Apple growers may be even more vulnerable to the weather than farmers that raise corn and soybeans. Warm weather in the very early spring may bring the apple blossoms out. Then a cold snap with temperatures approaching 28 degrees would kill the blossoms. No blossoms would mean no apples for the year! The cold would not likely damage the actual apple trees but it would be a long growing season knowing there would be few apples to harvest in September!

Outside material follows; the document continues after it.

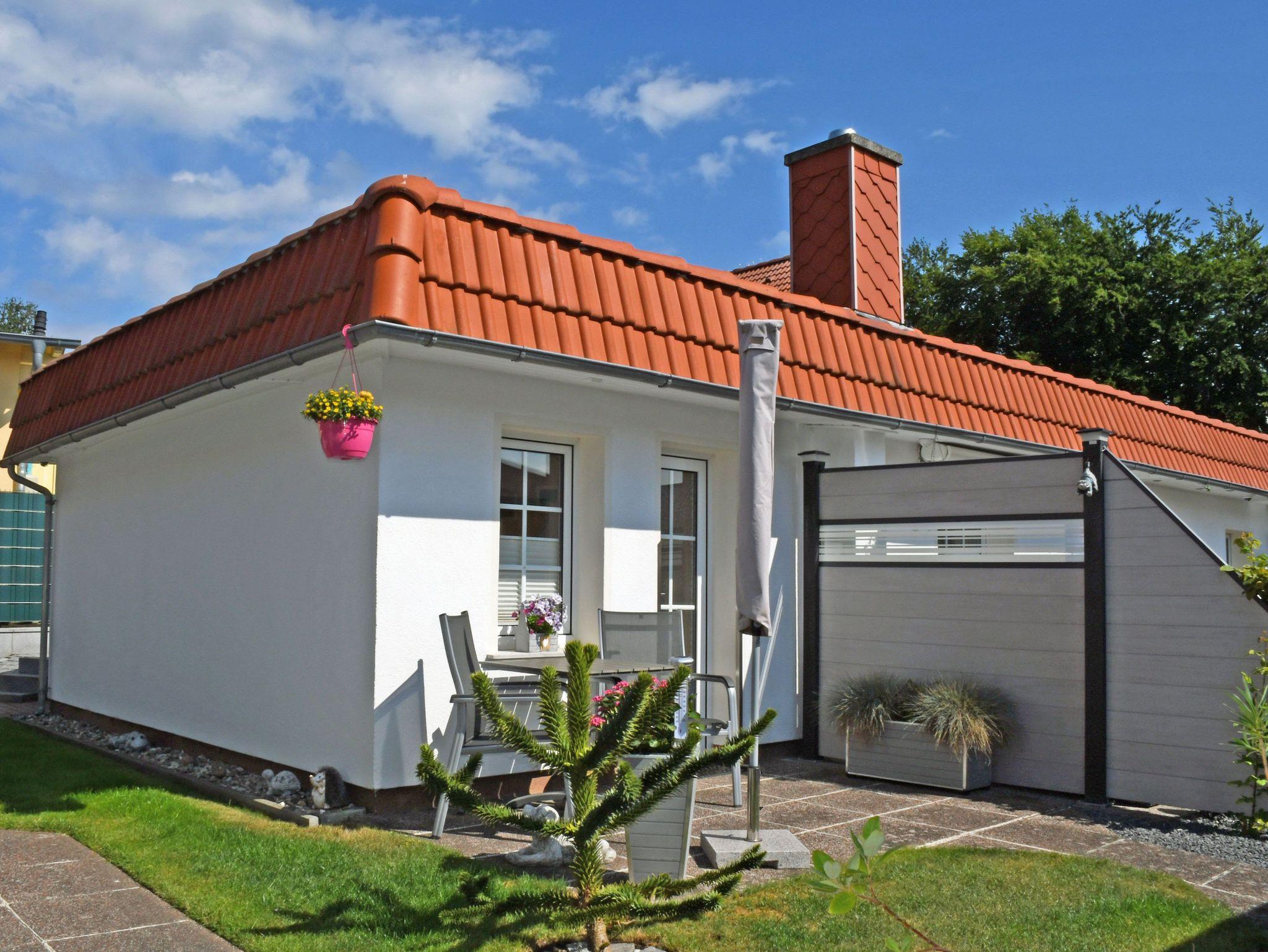 Unsere Ferienwohnungen (2 Erwachsene, komb. Wohn-/ Schlafzimmer, Küchenzeile, Bad/Dusche, Terrasse) befinden sich im Ostseebad Sellin, in neu gebauten Reihenhäusern, die sehr ruhig und sonnig liegen.

Here are the proposed changes from the USDA news release:

  • Enable producers to elect different coverage levels and percent of price elections by type, which allows producers to manage individual coverage and price risk more effectively.
  • Allow producers’ premiums to be reduced in response to orchard management practices, such as removing or grafting trees, that typically occur after the acreage reporting date and decrease an orchard’s productivity.
  • Allow producers to insure at a higher price for apples sold predominantly to direct markets or premium processing markets.
  • Exclude apples sold for the slicer market from being considered “fresh apple production.”
  • Introduce a fresh fruit factor to account for the reduced market value of production insured under the Quality Option sold for a grade other than U.S. Fancy.

 

Apple growers can go to the Federal Register to make comments on the proposed changes.